目の前で麦が発芽し、生長し、穂を付け、黄金色になる。ここで培養穴を掘り戻し、空気と混ぜながら埋め戻す。この作業を10回繰り返せば、およそ5年が経過したことになるはずだ。

こうして「硝酸カルシウムが入ってるであろう土」を1立方メートル、およそ1.2tを得た。

この土を底に栓を付けた大きな桶に3つに分けて均等に移す。3つに分けたのは、この先で加える灰の種類で収量がどれだけ変わるか試すためだ。

それぞれの桶に水を張り、一晩放置する。


翌日、桶の底の栓を抜き、ゆっくり出てくる水を回収する。
この水に硝酸カルシウムが溶けているはずだ。
土が沈殿し、ちょうどろ過したようになっているから、ゆっくりとしか水が出てこない。
回収が終わるまで、一晩待つ。


回収した水を大鍋で煮立たせ、だいたい1/3に濃縮する。
煮立った液にそれぞれ樫灰、藁灰、ヨモギ灰を溶いて、布で濾過した水を加え、しばらく掻き混ぜる。

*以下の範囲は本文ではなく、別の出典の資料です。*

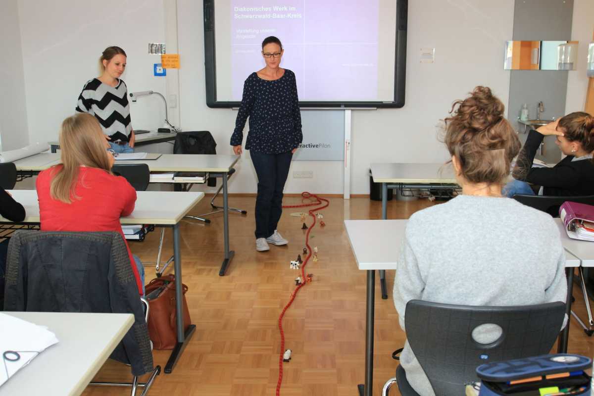 Einen Einblick in ihre Arbeit beim Diakonischen Werk im Schwarzwald-Baar-Kreis verschafften Saskia Wartenberg und Corina Heim den Schülerinnen und Schülern der Klasse SG1b des Sozial- und Gesundheitswissenschaftlichen Gymnasiums (SG). Saskia Wartenberg, die einst selbst am SG der Zinzendorfschulen ihr Abitur abgelegt hatte, arbeitet in der Sozial- und Lebensberatung, zu der unter anderem auch Schuldnerberatung und Mediation gehören, sowie in der Beratung für Schwangere und junge Familien. Ihre Kollegin Corina Heim leitet in den gleichen Bereichen die Außenstelle St. Georgen.
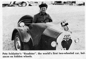 Detroit will probably never be interested, but Pete Schlatter of Francisville, Ind., hasn't let that bother him. He invented the world's first two-wheeled car strictly for his own enjoyment.
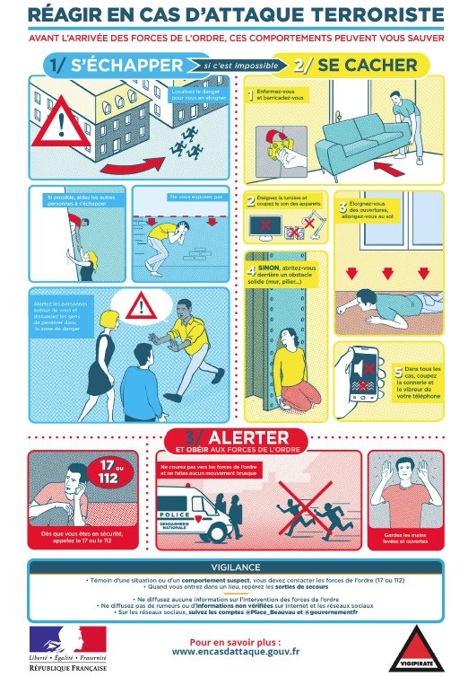 - la communication des instructions pratiques pour se protéger en cas d'attaque,qui s'articulent autour du triptyque "s'échapper, se cacher, alerter".

植物を燃やした灰には炭酸カリウムが含まれる。灰の成分で水溶性の物は炭酸カリウムぐらいだから、灰を混ぜた水を濾過した濾液には炭酸カリウムが含まれている。

硝酸カルシウムと炭酸カリウムは直ちに置換反応し、硝酸カリウムと炭酸カルシウムになる。

白い沈殿物が出始めたら静置し、沈殿物と溶液を分離させる。
この白い沈殿物が炭酸カルシウムだ。
まだ温かいうちに溶液を布で濾過し、濾液を放冷しながら一晩静置する。


翌日桶を覗くと、水晶のようにきらきらした結晶ができていた。

気付くと黒も結晶に負けずと劣らないキラキラした目で結晶を見ている。

「タケル。これが硝石か?ただの煮出した液から、こんな物が出てくるのか?」

「ああ。だいたいの水に溶ける物質は、ある程度温度が高いほうが溶けやすい。もちろん限界はある。この限界を飽和濃度、100gの水に溶けられる溶質の量を溶解度という。硝酸カリウムの溶解度は100℃でだいたい200g弱。これを30℃まで冷やせば、30℃での溶解度はだいたい40g。この差は水に溶けられず、結晶として取り出せる」

つまり結晶化だ。

「ん?ということは、この上澄み液にもまだまだ硝酸カリウムが含まれている?」

「ああ。だから上澄み液や結晶を洗った水、濾過残渣を濯いだ水を回収して濃縮し、再度結晶化すれば、もう一度結晶が得られるはずだ。ちなみに硝酸カリウムの溶解度は10℃なら20gぐらいまで下がるから、チャレンジするなら冷やしたほうがいいだろう」

「わかった。だいたいやり方はわかったから、あとはやってみてもいい?」

「ああ。黒に任せる。硝酸カリウムは激しく燃えるから、保管場所には気を付けてな」

「了解。タケルには硫黄と木炭の確保を任せた」

黒は硝石の生産に没頭した。
最終的な硝石の収量は、培養土1.2tから硝石30Kgであった。

その間に俺は木炭を焼き、阿蘇山の火口から硫黄を採集してきた。
まあ黒の門を使えば一瞬で火口まで行けたから、特筆することはない。
草千里は草千里であったとだけ言っておこう。

こうして黒色火薬の原料である、硝石・硫黄・木炭を確保した。

次は実際に黒色火薬を製造する。